In short, your actual infrastructure doesn’t align with the desired configuration.

How Drift Occurs

Configuration drift can occur for several reasons. The most common one is a direct manual change. It happens when someone adds, removes, or changes a resource directly through the cloud provider’s web console without updating the Terraform code.

Drifts can also occur when other configuration tools (such as Ansible, Chef, Puppet, etc.) or scripts make changes to the infrastructure that are not mapped in the Terraform files. A cloud provider itself can be programmed to perform automatic changes to some resources, causing the drift.

Why Drift Is a Problem

Drift poses a significant risk, leading to inconsistencies between different environments.
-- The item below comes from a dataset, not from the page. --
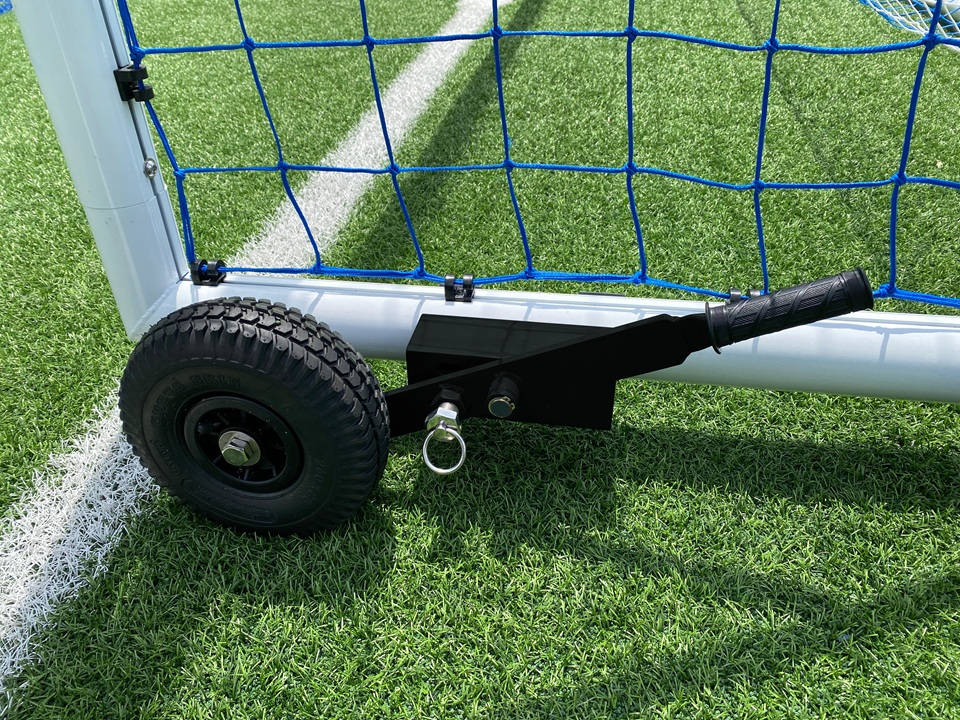 This kit is composed of a pair of wheels, to be fastened to freestanding soccer goals to improve mobility.

It can also introduce vulnerabilities or violate compliance standards (HIPAA, PCI DSS) or even result in unintended changes (reversing the manual change) or failures if the actual state is not as expected.
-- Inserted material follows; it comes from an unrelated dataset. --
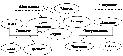 Выделим классы объектов – Абитуриент, Факультет, Специальность, Экзамен – и определим свойства этих классов.

  • Breaks the Single Source of Truth: Your Terraform code is no longer reliable.
  • Unexpected terraform apply results: The next execution will attempt to reconcile the difference, which can lead to unintended resource deletion, creation, or configuration changes, potentially causing application downtime.
  • Compromised Security & Compliance: Manual changes can easily bypass security audits and introduce vulnerabilities or non-compliant configurations.
  • Disaster Recovery Failure: When relying on Terraform to rebuild, only the coded infrastructure will be created, missing any critical drifted resources.
  • Increased Debugging Complexity: It becomes significantly harder to troubleshoot issues when the code doesn’t match reality.

Terraform Drift Detection: Strategies and Management

Terraform has mechanisms to detect and manage drift. It can check and compare the actual state of resources and state the differences before running. For the individual user (CLI), Drift detection is manual, depending on the execution of “plan” or “apply” commands. Meanwhile, for teams (Platforms), solutions like HCP Terraform make detection automatic and continuous, being the most recommended approach for production environments.

Terraform Drift Detection can be manual or automatic, depending on the tool and platform you are using:

1. Manual Drift Detection (Terraform CLI – The Standard)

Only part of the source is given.